# A few Questions...



## almostsingle30 (Oct 5, 2012)

ok...
1) When did you take your wedding ring off? What did you do with it?

2) How long did you live unhappy before someone decided enough was enough? 

I just don't want to keep going to MC and have no real positive things happen..

I feel like I am living in limbo


----------



## MisterRitter (Sep 1, 2012)

That ring question is what brought me to this website in the first place. My wife demanded we separate and I always gave her what she wanted so........ I took mine off the night she didn't come home because she was out seeing her... whatever he was.

It depends on who you ask about how long we lived unhappily. As I see it now (and I did not see it before), we were not happy for years, but I don't know how long either of us was unhappy.

I think this is one of those things that only you can decide for yourself.

The way I saw it before that night was we had so much time and energy invested in this relationship that we should do everything we could to try to make it work. And we didn't do that, and it hurts like hell, especially because I feel like I have only recently begun to see all of the problems we had, but don't think I ever want to be with her again.

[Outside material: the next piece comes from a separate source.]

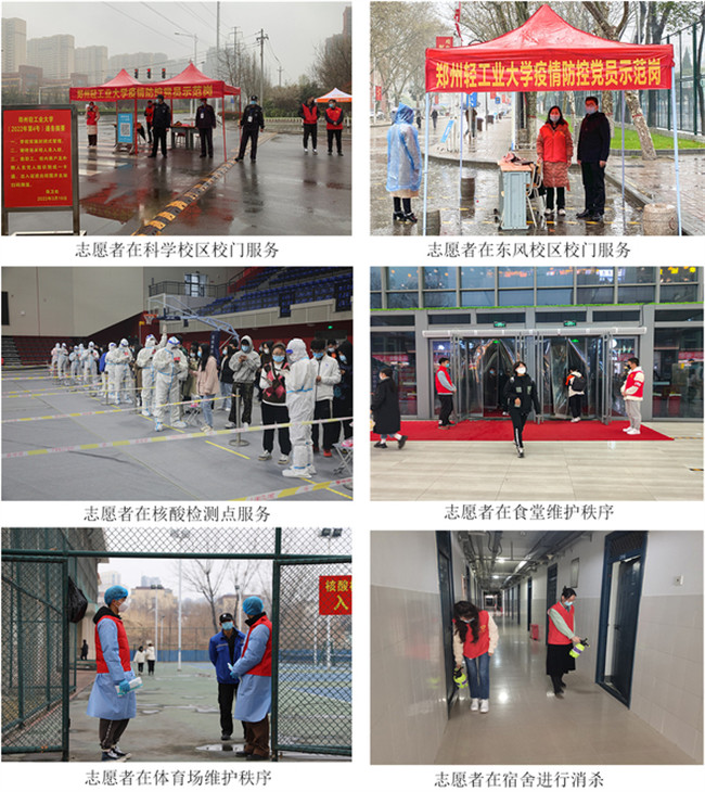 本次疫情防控志愿服務(wù)本著“個(gè)人自愿申請(qǐng)、黨員干部帶頭”的原則,在學(xué)校疫情防控工作領(lǐng)導(dǎo)小組安排指導(dǎo)下開(kāi)展了多項(xiàng)活動(dòng),志愿者們結(jié)合自身實(shí)際,主動(dòng)參與防控宣傳,線上利用學(xué)校官方媒體平臺(tái)宣傳防控知識(shí),線下在服務(wù)過(guò)程中宣傳防控措施和防控要求,傳播疫情防控社會(huì)正能量。教職工志愿者落實(shí)服務(wù)下沉一線要求,積極參與校園管理,服務(wù)在核酸檢測(cè)點(diǎn)的教職工志愿者耐心細(xì)致,積極維護(hù)現(xiàn)場(chǎng)秩序,提醒檢測(cè)師生做好個(gè)人防護(hù);服務(wù)在兩校區(qū)大門(mén)的教職工志愿者嚴(yán)把校門(mén)關(guān),協(xié)助安保人員實(shí)施校園封閉式管理工作,對(duì)進(jìn)出校門(mén)的人員、車(chē)輛進(jìn)行細(xì)致查驗(yàn),守穩(wěn)學(xué)校疫情防控第一道防線。各學(xué)院積極響應(yīng),動(dòng)員學(xué)生志愿者在食堂、操場(chǎng)、宿舍等區(qū)域服務(wù)。食堂的志愿者們積極做好洗手消毒指引、購(gòu)餐引導(dǎo)、維護(hù)秩序等工作,為師生們提供良好的就餐秩序;宿舍的志愿者們協(xié)助宿管老師對(duì)宿舍走廊等公共區(qū)域進(jìn)行消殺,為同學(xué)們營(yíng)造出健康舒適的住宿環(huán)境;校園巡查志愿者在校園公共區(qū)域?qū)Σ灰?guī)范行為進(jìn)行及時(shí)勸阻和引導(dǎo),提醒進(jìn)入教學(xué)樓、體育場(chǎng)等區(qū)域人員做好防疫措施并發(fā)放口罩。全體師生員工層層壓實(shí)校園疫情防控責(zé)任,時(shí)刻繃緊思想之弦,確保校園不留安全死角。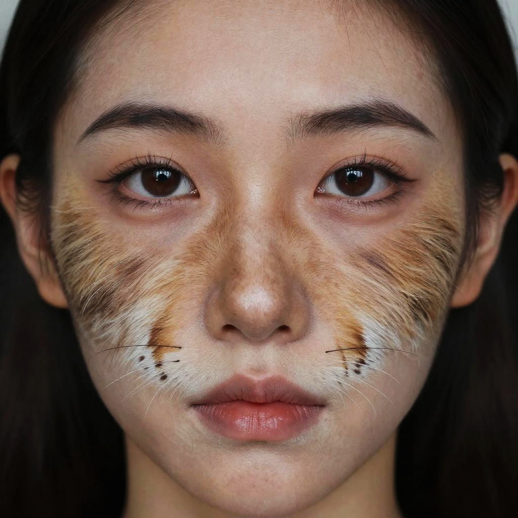 Realistic animal makeup on a human face, intricate details with lifelike fur textures and natural shading, blending seamlessly with skin tones, close-up portrait, soft studio lighting, hyper-realistic style, emphasizing eyes and whiskers

I think only you can decide when enough is enough, just make sure both of you know what is happening and what the consequences are. Easier said than done, I know.

Good luck.


----------



## Conrad (Aug 6, 2010)

MisterRitter said:


> That ring question is what brought me to this website in the first place. My wife demanded we separate and I always gave her what she wanted so........ I took mine off the night she didn't come home because she was out seeing her... whatever he was..


posOM


----------